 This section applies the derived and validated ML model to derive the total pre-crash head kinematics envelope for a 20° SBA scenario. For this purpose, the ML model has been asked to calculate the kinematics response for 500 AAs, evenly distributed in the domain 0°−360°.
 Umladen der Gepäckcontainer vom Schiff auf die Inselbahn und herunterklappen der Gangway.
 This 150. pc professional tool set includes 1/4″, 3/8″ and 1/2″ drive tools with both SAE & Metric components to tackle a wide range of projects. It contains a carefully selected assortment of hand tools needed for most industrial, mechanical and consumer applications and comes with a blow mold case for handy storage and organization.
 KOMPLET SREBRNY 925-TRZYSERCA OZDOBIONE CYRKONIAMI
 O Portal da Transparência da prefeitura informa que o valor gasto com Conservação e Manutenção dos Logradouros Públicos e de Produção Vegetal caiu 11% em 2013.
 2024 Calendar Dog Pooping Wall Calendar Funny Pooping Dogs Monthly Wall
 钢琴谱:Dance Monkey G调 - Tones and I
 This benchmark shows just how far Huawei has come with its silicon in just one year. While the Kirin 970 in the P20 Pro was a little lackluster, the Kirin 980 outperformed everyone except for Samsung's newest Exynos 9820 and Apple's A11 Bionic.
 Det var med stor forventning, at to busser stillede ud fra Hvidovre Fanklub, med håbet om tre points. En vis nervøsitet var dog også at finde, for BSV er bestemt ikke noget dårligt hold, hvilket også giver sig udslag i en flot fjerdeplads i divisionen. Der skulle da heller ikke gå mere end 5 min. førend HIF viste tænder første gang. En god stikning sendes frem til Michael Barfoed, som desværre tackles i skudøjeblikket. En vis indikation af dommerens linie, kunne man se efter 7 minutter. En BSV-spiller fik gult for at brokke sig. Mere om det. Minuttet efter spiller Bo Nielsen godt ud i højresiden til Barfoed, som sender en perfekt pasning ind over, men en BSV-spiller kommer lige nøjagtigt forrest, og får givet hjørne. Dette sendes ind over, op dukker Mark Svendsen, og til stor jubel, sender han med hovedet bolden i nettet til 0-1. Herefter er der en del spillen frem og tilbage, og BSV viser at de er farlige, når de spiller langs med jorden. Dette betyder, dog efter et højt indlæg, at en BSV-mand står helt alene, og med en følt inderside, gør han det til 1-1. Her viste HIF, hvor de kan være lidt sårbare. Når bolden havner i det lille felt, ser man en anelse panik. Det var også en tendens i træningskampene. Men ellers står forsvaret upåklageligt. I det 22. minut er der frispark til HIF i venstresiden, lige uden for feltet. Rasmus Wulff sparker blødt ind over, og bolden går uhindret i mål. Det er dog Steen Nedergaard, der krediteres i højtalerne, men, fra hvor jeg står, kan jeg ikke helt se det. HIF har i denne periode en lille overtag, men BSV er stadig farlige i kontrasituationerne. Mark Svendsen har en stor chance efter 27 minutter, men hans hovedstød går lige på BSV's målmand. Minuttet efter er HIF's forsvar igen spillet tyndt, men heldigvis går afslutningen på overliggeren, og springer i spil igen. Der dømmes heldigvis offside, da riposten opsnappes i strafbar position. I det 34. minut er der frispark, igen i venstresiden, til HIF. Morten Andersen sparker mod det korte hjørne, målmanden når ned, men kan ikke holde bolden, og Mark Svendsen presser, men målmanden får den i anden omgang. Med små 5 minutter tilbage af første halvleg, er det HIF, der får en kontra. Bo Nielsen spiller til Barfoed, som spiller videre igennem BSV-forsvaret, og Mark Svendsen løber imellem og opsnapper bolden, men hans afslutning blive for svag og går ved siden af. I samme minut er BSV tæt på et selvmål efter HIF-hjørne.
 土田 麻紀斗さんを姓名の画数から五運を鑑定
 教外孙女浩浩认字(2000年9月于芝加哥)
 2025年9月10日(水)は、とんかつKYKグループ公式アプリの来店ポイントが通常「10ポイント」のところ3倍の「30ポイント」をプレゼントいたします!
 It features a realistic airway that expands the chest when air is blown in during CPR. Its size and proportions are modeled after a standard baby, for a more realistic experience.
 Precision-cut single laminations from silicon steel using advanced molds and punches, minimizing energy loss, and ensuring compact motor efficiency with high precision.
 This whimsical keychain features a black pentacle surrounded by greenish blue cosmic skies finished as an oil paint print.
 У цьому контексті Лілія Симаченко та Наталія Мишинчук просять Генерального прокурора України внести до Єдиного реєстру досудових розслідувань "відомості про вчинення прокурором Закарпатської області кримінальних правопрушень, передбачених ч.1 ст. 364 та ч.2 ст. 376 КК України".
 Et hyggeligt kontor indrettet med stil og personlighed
————————
→ **ABOUT THIS EXERCISE**
Return each line exactly, beginning at the start of the material above and ending at the line that includes "2024 Calendar Dog", with both of those kept.

→ **ANSWER SPACE**
 This section applies the derived and validated ML model to derive the total pre-crash head kinematics envelope for a 20° SBA scenario. For this purpose, the ML model has been asked to calculate the kinematics response for 500 AAs, evenly distributed in the domain 0°−360°.
 Umladen der Gepäckcontainer vom Schiff auf die Inselbahn und herunterklappen der Gangway.
 This 150. pc professional tool set includes 1/4″, 3/8″ and 1/2″ drive tools with both SAE & Metric components to tackle a wide range of projects. It contains a carefully selected assortment of hand tools needed for most industrial, mechanical and consumer applications and comes with a blow mold case for handy storage and organization.
 KOMPLET SREBRNY 925-TRZYSERCA OZDOBIONE CYRKONIAMI
 O Portal da Transparência da prefeitura informa que o valor gasto com Conservação e Manutenção dos Logradouros Públicos e de Produção Vegetal caiu 11% em 2013.
 2024 Calendar Dog Pooping Wall Calendar Funny Pooping Dogs Monthly Wall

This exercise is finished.